■ **To do**
Exactly as written, output the lines below starting from the first and ending with the line that contains "LACE TOP c.o."; omit pictures.

____

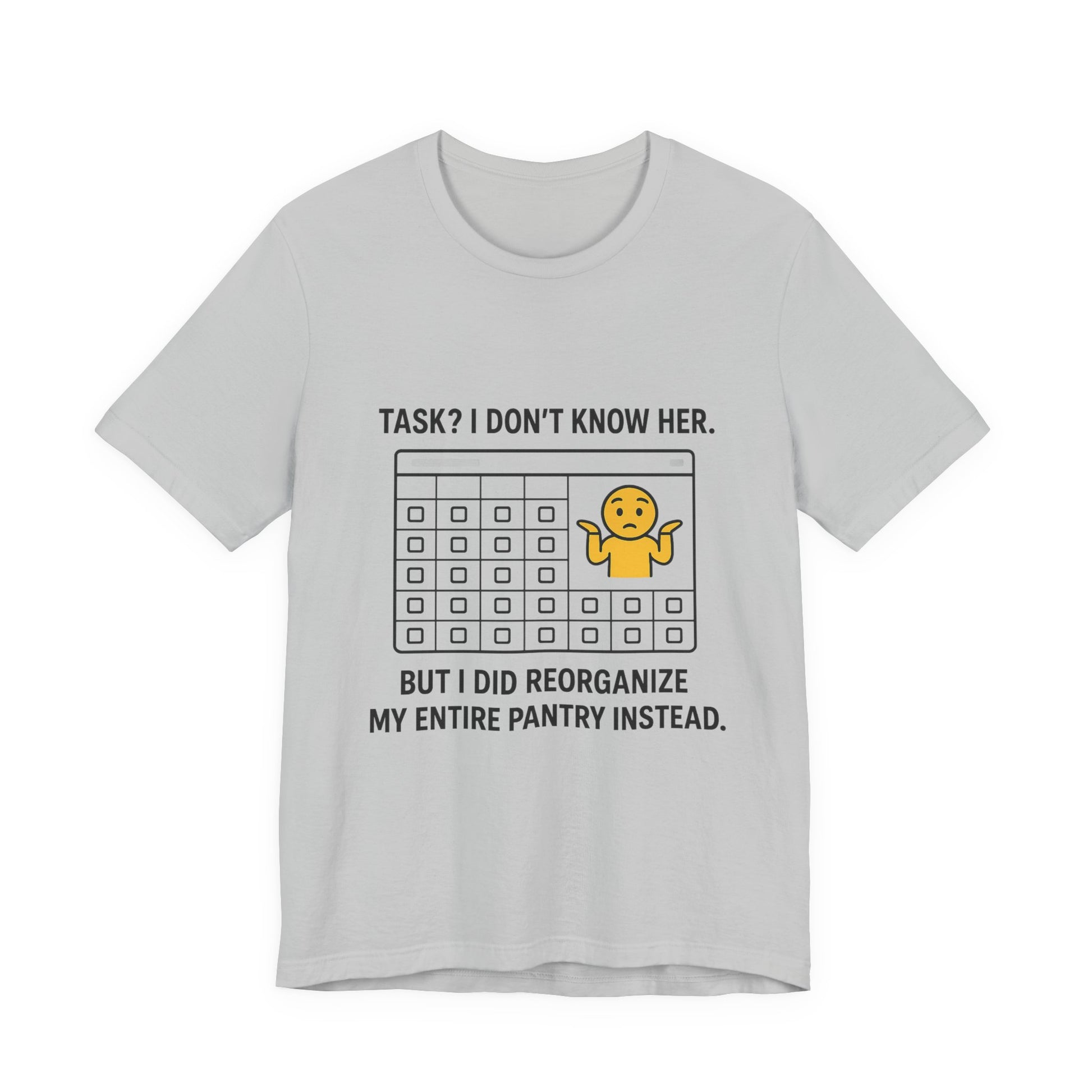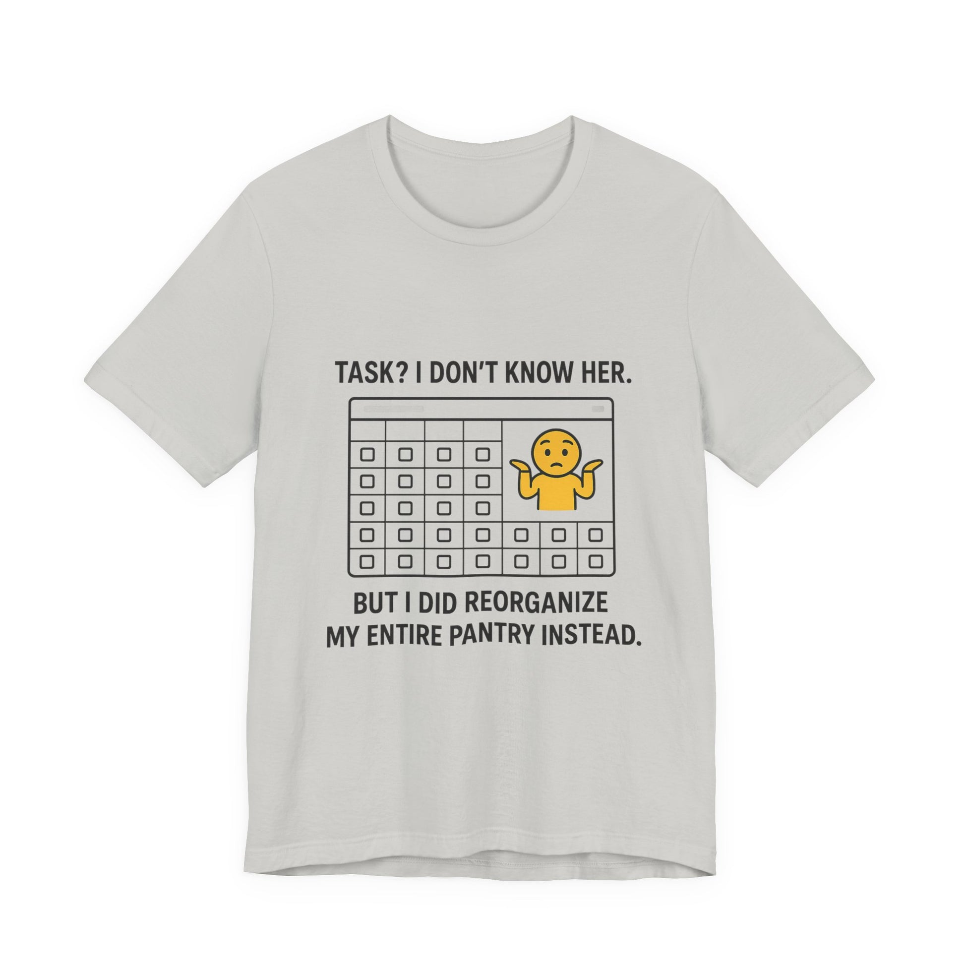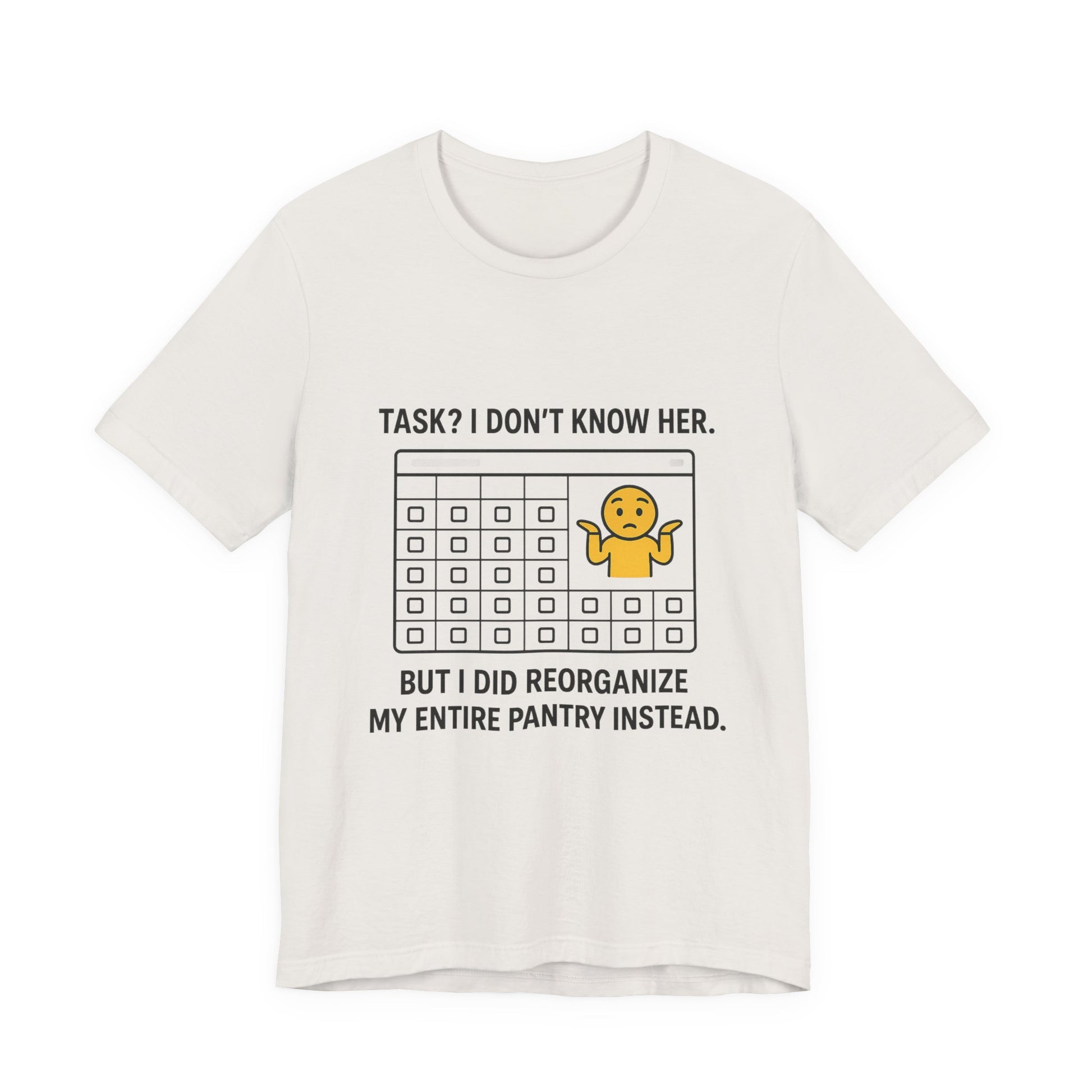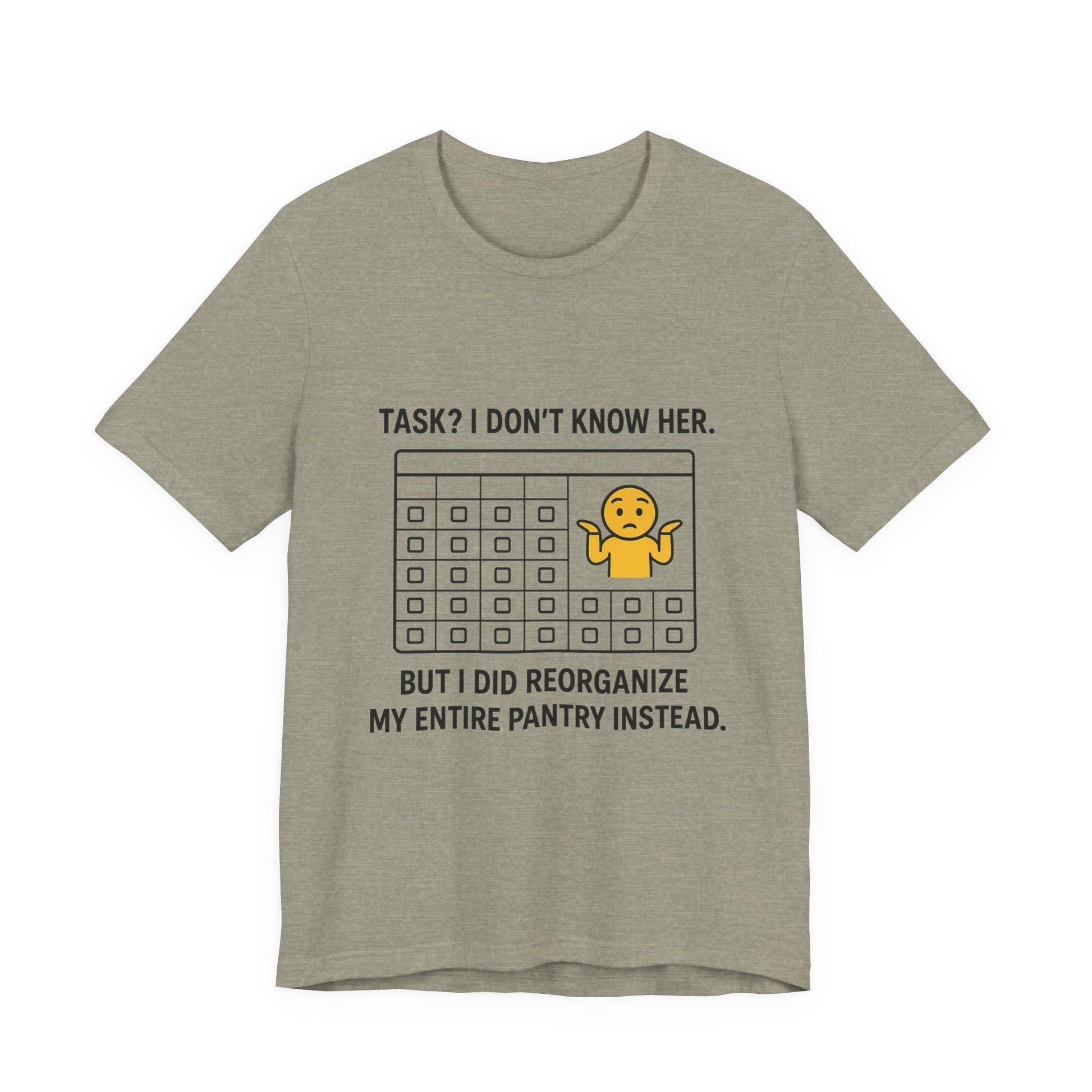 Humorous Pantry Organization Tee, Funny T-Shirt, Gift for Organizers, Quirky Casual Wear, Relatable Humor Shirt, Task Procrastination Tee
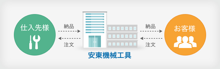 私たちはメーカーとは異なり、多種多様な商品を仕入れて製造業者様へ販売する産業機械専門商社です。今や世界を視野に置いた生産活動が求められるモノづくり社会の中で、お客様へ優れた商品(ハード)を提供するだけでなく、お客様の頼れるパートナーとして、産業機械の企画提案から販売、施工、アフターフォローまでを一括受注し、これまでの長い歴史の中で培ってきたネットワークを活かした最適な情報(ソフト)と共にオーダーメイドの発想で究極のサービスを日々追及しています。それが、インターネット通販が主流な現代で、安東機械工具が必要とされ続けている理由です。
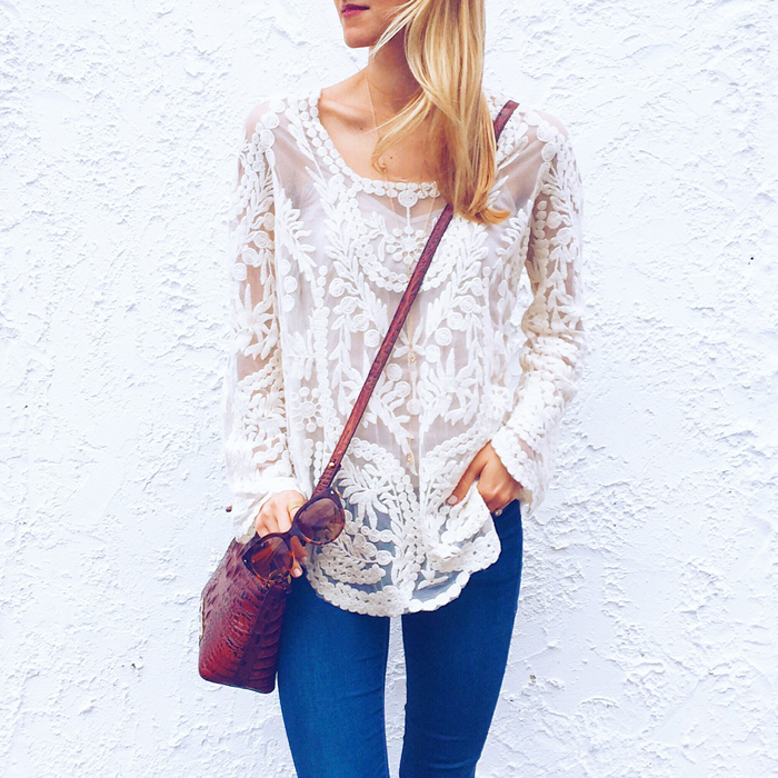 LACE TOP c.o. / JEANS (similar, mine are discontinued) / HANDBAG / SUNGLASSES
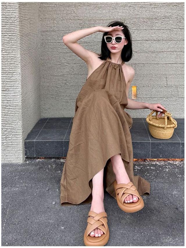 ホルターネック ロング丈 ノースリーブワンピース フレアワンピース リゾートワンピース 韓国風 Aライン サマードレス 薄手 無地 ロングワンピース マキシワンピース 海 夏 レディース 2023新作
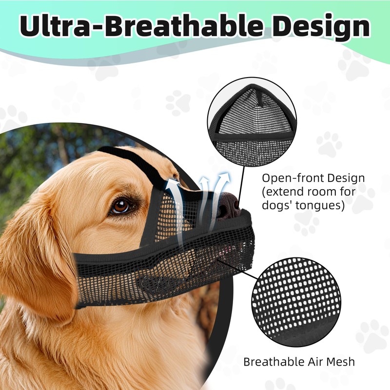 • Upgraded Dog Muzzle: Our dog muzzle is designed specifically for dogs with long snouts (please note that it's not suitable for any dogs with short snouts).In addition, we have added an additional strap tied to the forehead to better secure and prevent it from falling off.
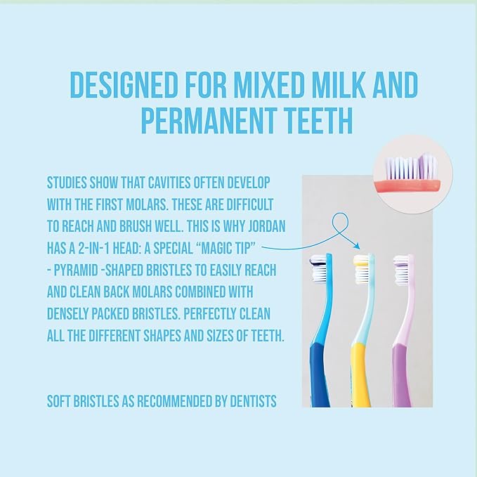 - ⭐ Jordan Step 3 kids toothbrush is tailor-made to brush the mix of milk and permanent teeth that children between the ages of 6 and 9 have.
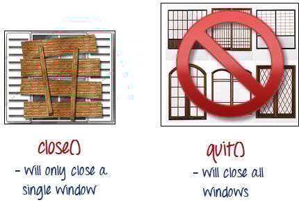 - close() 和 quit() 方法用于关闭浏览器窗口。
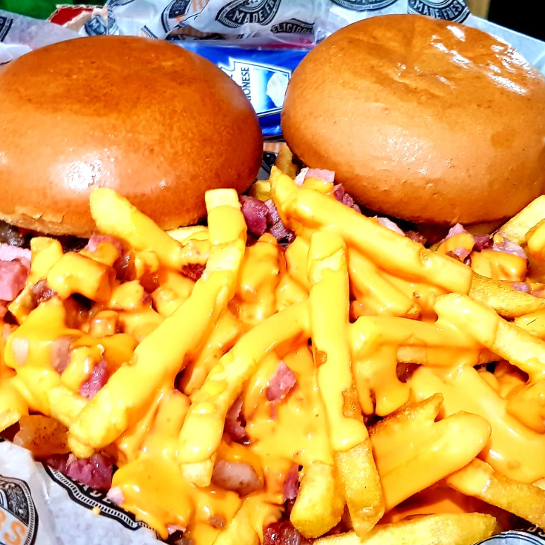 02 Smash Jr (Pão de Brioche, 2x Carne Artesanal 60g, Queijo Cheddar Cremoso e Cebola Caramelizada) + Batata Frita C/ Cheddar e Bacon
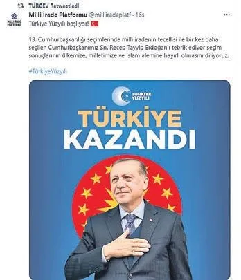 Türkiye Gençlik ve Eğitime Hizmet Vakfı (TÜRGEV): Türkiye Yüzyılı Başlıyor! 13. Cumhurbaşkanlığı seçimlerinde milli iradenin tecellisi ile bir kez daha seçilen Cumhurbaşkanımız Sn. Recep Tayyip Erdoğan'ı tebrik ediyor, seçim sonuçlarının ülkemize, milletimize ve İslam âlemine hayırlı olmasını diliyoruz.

____

■ **Solution**
 Humorous Pantry Organization Tee, Funny T-Shirt, Gift for Organizers, Quirky Casual Wear, Relatable Humor Shirt, Task Procrastination Tee
 私たちはメーカーとは異なり、多種多様な商品を仕入れて製造業者様へ販売する産業機械専門商社です。今や世界を視野に置いた生産活動が求められるモノづくり社会の中で、お客様へ優れた商品(ハード)を提供するだけでなく、お客様の頼れるパートナーとして、産業機械の企画提案から販売、施工、アフターフォローまでを一括受注し、これまでの長い歴史の中で培ってきたネットワークを活かした最適な情報(ソフト)と共にオーダーメイドの発想で究極のサービスを日々追及しています。それが、インターネット通販が主流な現代で、安東機械工具が必要とされ続けている理由です。
 LACE TOP c.o. / JEANS (similar, mine are discontinued) / HANDBAG / SUNGLASSES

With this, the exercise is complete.